The vault’s fascination with superheroes continues. We inducted some high profile superheroes last week, but not all heroes are created equal. Today we’re dredging the mire in search of a more obscure defender.
Dr. Alec Holland (Ray Wise) has a crazy idea to create a plant with an animal’s instincts that will allow it to thrive in the harshest of conditions. It must not be too crazy since the government has hidden him and his sister Linda (Nannette Brown) deep in the swamp to conduct their experiments. Also lurking in the muck is a team of militants working for the evil Dr. Arcane (Louis Jourdan) who believes Holland’s work is the key to immortality. Shortly after replacement government employee Alice Cable (Adrienne Barbeau) arrives, the Hollands make an astounding breakthrough. Arcane and his crew quickly move in to steal the formula, but a laboratory accident leaves Holland for dead and Alice on the run with the last notebook of vital research. With Arcane’s men hot on her heels, Alice finds a protector in the massive and monstrous Swamp Thing (Dick Durock).
Thirty years since its release and I’ve finally gotten around to seeing the infamous Swamp Thing. Well, I’ve seen a version of it. The US release is rated PG, but considering what I saw features a naked Adrienne Barbeau bathing in the swamp for absolutely no reason and, because the titles are all in French, it’s a safe bet I saw the international version.

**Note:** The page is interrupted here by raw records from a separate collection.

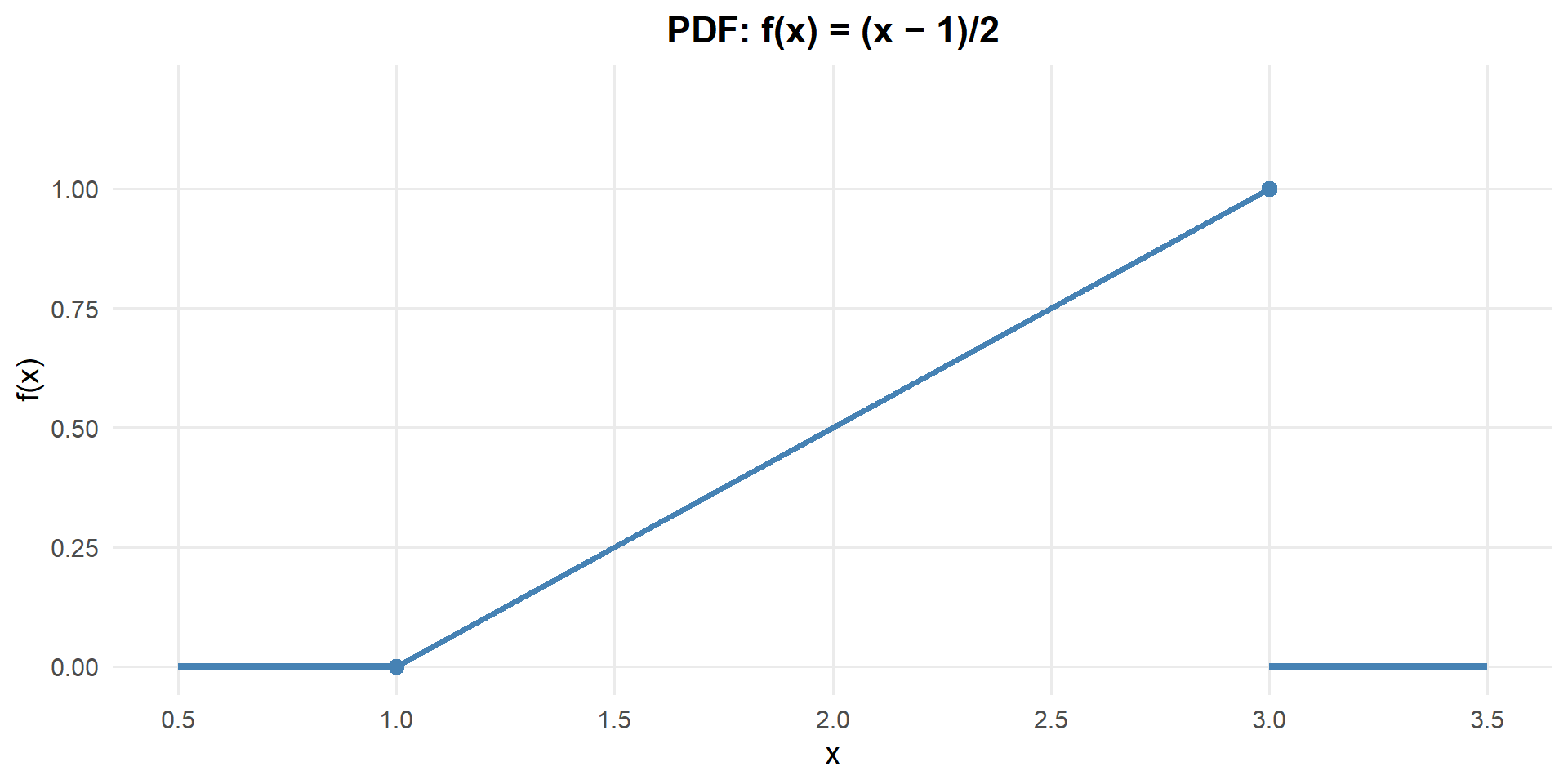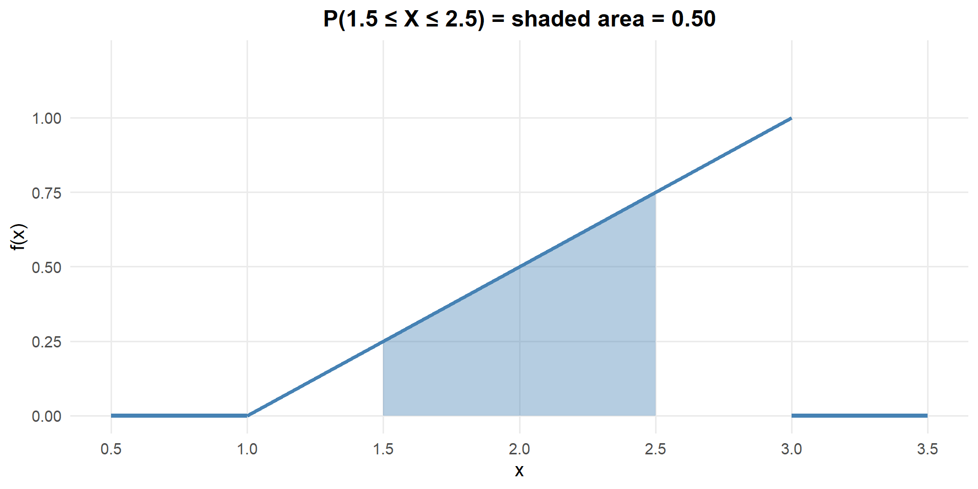 \(P(1 \leq X \leq 3) = \int_1^3 \frac{1}{4}\,dx = \frac{2}{4} = 0.50\)
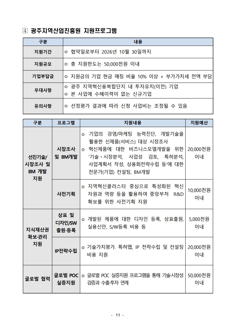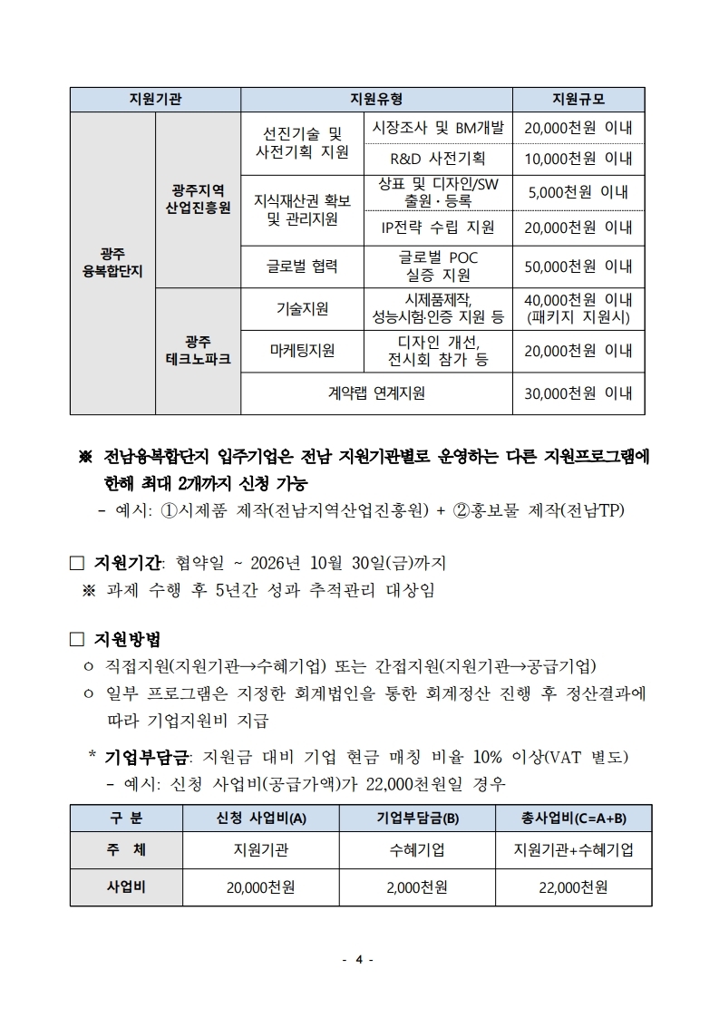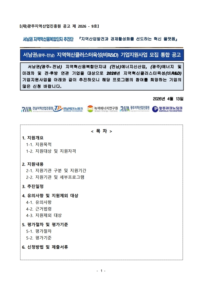 2026년 서남권 지역혁신클러스터육성(비R&D) 기업지원사업 모집 통합 공고_광주진흥원_공고용.hwp
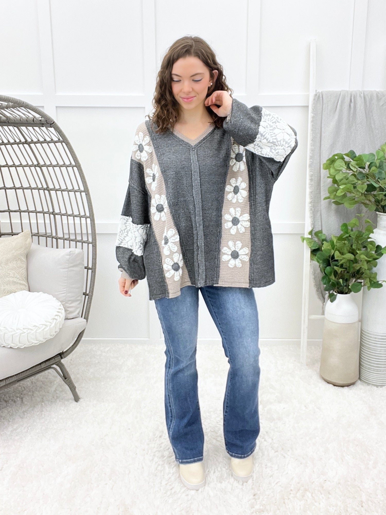 This charming textured knit top is a lovely blend of cozy comfort and artisan detail, featuring gorgeous floral lace applique panels and contrasting flower motifs along the sleeves. The relaxed, boutique-worthy silhouette layers beautifully and offers an elevated, wearable piece that truly stands out. Pair this unique top with some slim-fit jeans and ankle boots for a stylish afternoon browsing an antique shop.
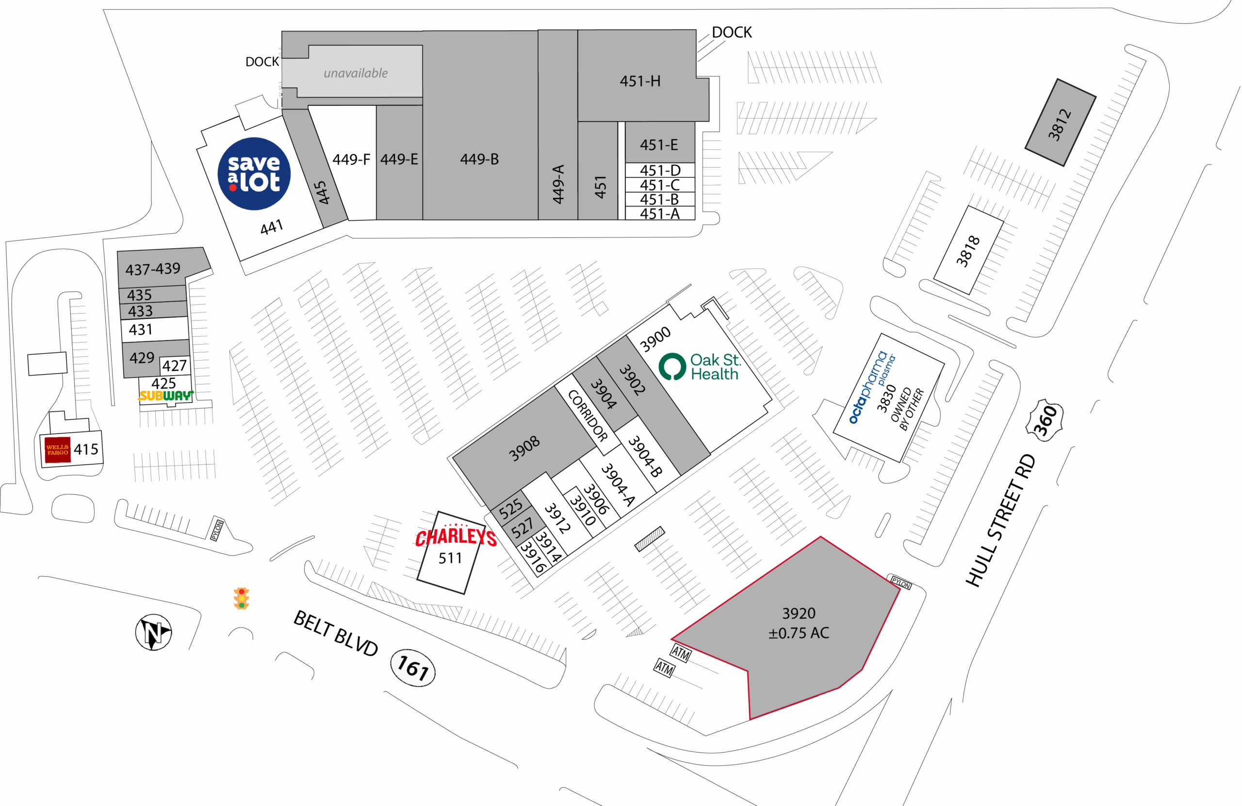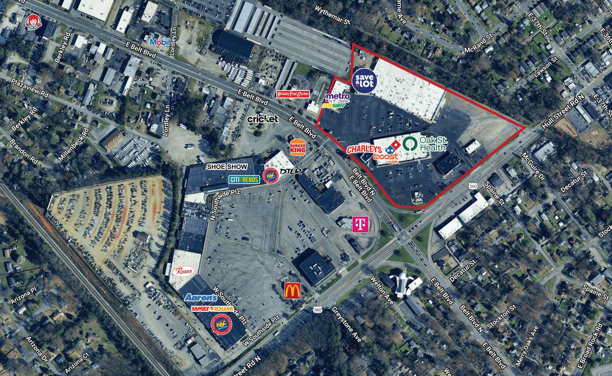 • daily traffic counts: 28,000 on Belt Blvd. and 32,000 on Hull Street Road / U.S. 360

There’s only two minutes difference between them, so let your penchant for female nudity be the deciding factor between them.
If you’re question is whether to bother seeing Swamp Thing at all, that’s a much tougher call. Written and directed by horror guru Wes Craven, he intended the film to showcase his skills in the action genre. Experiencing it thirty years past its prime, it’s hard not to view it as much more than a cheesy concept taking itself too seriously.
From a distance Swamp Thing looks impressive, however closeups reveal buckling in the suit which belie this. It’s not the fault of prosthetic creator Bill Munns; as I’ve read he designed both the Swamp Thing and Arcane Monster suits to fit men of statures different than those hired for the roles and, with limited time for refits, he did what he could. Based on Craven’s use of several shots multiple times and other discrepancies, I’m guessing the suits weren’t the only issues that troubled production.
The story’s plot is crammed into the first twenty minutes and, if you aren’t paying attention, things will make absolutely no sense. Alec and Alice have too little time to let their romantic spark ignite and the influx of side characters make it confusing as to their purpose (which, by the way, is to die). It’s easy to follow that Ferret and Bruno are the big bad thugs because that’s what actors David Hess and Nicholas Worth are best known for. I absolutely love Ray Wise as Alec and Adrienne Barbeau plays Alice as one tough dame, but the unforgettable performance comes from Reggie Batts as Jude who dishes out the smart aleck dialogue while on the lam with Alice.
Am I glad I’ve seen Swamp Thing? Yes, but I can’t say that I’d revisit it often, or even rarely. It has its moments, Swamp Thing seizing and ramming the militants with their own boat is a highlight, but the film is too murky to shine.